The Mudcat Café TM
Thread #19551   Message #2945461
Posted By: GUEST,Steve
15-Jul-10 - 07:52 AM
Thread Name: Gospel Origin-Civil Rights & Labor Songs
Subject: RE: Gospel Origin-Civil Rights & Labor Songs
For gospel songs/hymns, I suggest you consult the publication _Gospel Hymns Nos. 1 to 6 Complete_, by Ira D. Sankey and others. Originally published by Biglow & Main Co., New York, 1895. Was issued in a reprint edition by Da Capo Press, New York, 1972, with an introduction by H. Wiley Hitchcock. This is probably the single most important collection of American gospel songs/hymns ever published. I think there are over 700 songs in it, probably all produced between 1870 and the publication date. (My mother left me a songster version of it with the texts of all 700-plus songs. Very easy to carry in your pocket.) The musical and religious movement its music chronicles had a tremendous impact on American popular culture. Biglow & Main was the primary publisher of early gospel songs by people like Sankey, Fanny Crosby and their ilk, but, to my knowledge, no one has done even so much as a dissertation on the company.

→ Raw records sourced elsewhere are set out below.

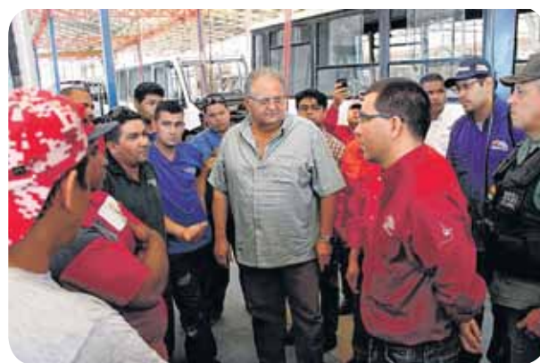
Encuentro del vicepresidente, Jorge Arreaza, con empresarios y trabajadores en Táchira
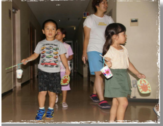
自分たちで作った提灯を持って、 夜のお散歩に出かけました。 ちょっぴり怖かったけれど、虫たち を見つけました。
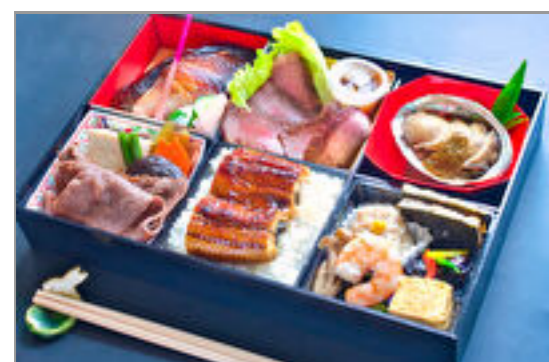
うなぎ、鮑酒蒸しと牛ステーキ6マス仕出し弁当『紬(つむぎ)』／特選スタイル

If it matters, you might want to think about what you mean when you use that term "gospel." Within the English-speaking world, there are basically three types of gospel songs or hymns. The first is that represented by the publications of Biglow & Main (New York) and a few others (the John Church Co. of Cincinnati, for example). This is Northern urban gospel, the product of evangelist-musician teams like Dwight L. Moody and Ira Sankey. This movement (at the time, a musical juggernaut much like CCM and Praise and Worship music today) produced the first publication bearing that term "gospel song" or "gospel hymn" in 1874. The second is the gospel rep that was the product of (often small) southern publishers like Ruebush-Kieffer (near Harrisonburg, VA), A. J. Showalter (Dalton, GA), James D. Vaughan (Lawrenceburg, TN), Stamps-Baxter (Dallas, TX, and Chattanooga, TN), Stamps Quartet (Dallas), Hartford Music Co. (Hartford, AR) and numerous others. This includes the songs of Albert E. Brumley ("I'll Fly Away," "Turn Your Radio On"), Luther Presley, Adger Pace, etc. Since the 1970s this tradition has been called southern gospel. Primary collections of this rep are _Church Hymnal_ (Cleveland, TN: Tennessee Music and Printing Co., 1951; they've sold many millions) and _Heavenly Highway Hymns_ (originally Stamps-Baxter, now published by Brentwood-Benson Co.). They're typically published in seven-shape notation. And then there's the black gospel tradition, which I know less well. For most Americans today, the term "gospel" means black gospel, which has a history distinct from, but related to, the other two. Some scholars of black gospel tend to distinguish between gospel songs, jubilee songs, and spirituals (in reverse chronological order), but a lot of people just refer to it all as "gospel." If all this confuses you, don't worry. Scholars are confused about it too.

Hope this doesn't feel like a wet blanket! (BTW, I'm a big fan of Judith of Seattle.)